Last month, Iranian clerics, politicians, and websites declared that rapper Shahin Najafi must be killed for his song "Naqi", in which he used the figure of Shi'a's 10th Imam to criticise Iranian politics and society.

Far from being silenced, Najafi, who lives in exile in Germany, put out another song, "Our Codewords Are 'Dying Upright'" in response. And he has given interviews, including this one to Ari Siletz of Tehran Bureau:

Years before the fatwa calling for your death, you sang a song in memory of Fereydoun Farrokhzad [a popular Iranian singer stabbed to death in 1992] in which you said, "Living in your path is full of troubles, steps on a road that moment by moment is closer to danger. I'm sheep, let me close my eyes. Not into politics, sorry, I'm ashamed to say." Obviously you didn't heed the warning in your own song, and perhaps "sheep" and "ashamed" don't refer to the singer himself. Is there an inner struggle between Shahin Najafi the militant and a Shahin Najafi who wishes he could go through life as sheep?

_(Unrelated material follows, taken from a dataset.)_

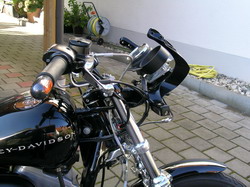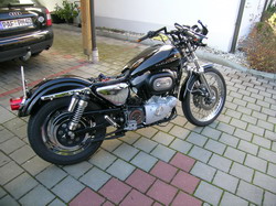 Jetzt fehlten nur noch ein paar kleinere Arbeiten und dann war die Sportster fertig für die Inbetriebnahme. Sie sprang sofort und ohne Probleme an. Einziger Schönheitsfehler noch: Die Vergasereinstellung passte nicht 100%-ig zur Auspuffanlage. Bei der Auspuffanlage handelt es sich inzwischen um eine originale HD-Anlage, nicht modifiziert. Die ursprüngliche Anlage war hier in Bayern auf den Strassen nicht fahrbar. In Hamburg, von wo das gute Stück stammt, hatte man da wohl keine Probleme. Die jetzt montierte Original-Anlage wurde sollte als Überbrückung dienen bis die finale Auspuffanlage angebaut wurde. Somit fehlte jetzt erst einmal die gewohnte Leistung, da die Vergasereinstellung. Eine Vergaseranpassung wurde aber nicht gemacht, da sowieso ein neuer Vergaser im folgenden Winter drauf kommen sollte.

Quite. I believe some people are chosen in a historic way to be trumpets. Generally, their fate is to be shattered and shunned, followed by a self-destruction caused by anguish descending from their mental no-where-lands. I believe humans were not born for thinking; rather, humans are afflicted with thinking. Those who carry on mundane daily lives and who stay in this state are more natural and closer to the instinctive human-animal of my mind. So we should look at being sheeplike in positivist terms. Right or wrong, good or bad is not relevant. It is about being or not being.

Many times I have tried to stop writing poetry and composing songs to rid myself of this illness so that like many others I can fall into a level where life has fewer dangers and headaches. One could read books or even be involved in art, literature, and films, and still not get tangled in complications. I'm like a cancerous tumor that must be choked and destroyed or it will take over the whole body. Being a cancer on history or culture doesn't necessarily take courage, but if I were anything else, the meaning of my existence will come under question and I may be misdiagnosed as appendicitis so that sooner or later they will surgically remove my uselessness. I am no longer the shared pain. I am, myself, pain.

In the midst of your artistic works, you suddenly produced a brief biography of singer Kurt Cobain. The artist in Cobain was tormented by the fame he had achieved to the point where he spat at TV cameras and insulted his audience, to the point of suicide perhaps. What did you suffer in your own life that drew you to Kurt Cobain's story?

It was a project that I did while I was working for a radio station. But it is as though Cobain was me except he lived in the '90s. I used to watch him as a child, when without a care he spat at the whole world, its games, magic tricks, and illusions. I loved his virginity and I had promised myself that I would join him and other friends in the 27 Club as housemates when I turned 27 years old. But that did not happen and I did not want that because I thought my work was not yet done. How can I explain what I suffered? Being an artist in Iran, especially an artist working from this angle, is like running barefoot on sharp nails.

On the one hand, extremist Shiites offended by your song "Naghi" call for your death and on the other hand your harsh criticism of the hypocrisy of expat Iranian reformists, intellectuals, and feminists has made it so they don't think of you as being a team player. Far from home and in the absence of close family, what part of society do you see as your sympathizers and likeminded allies?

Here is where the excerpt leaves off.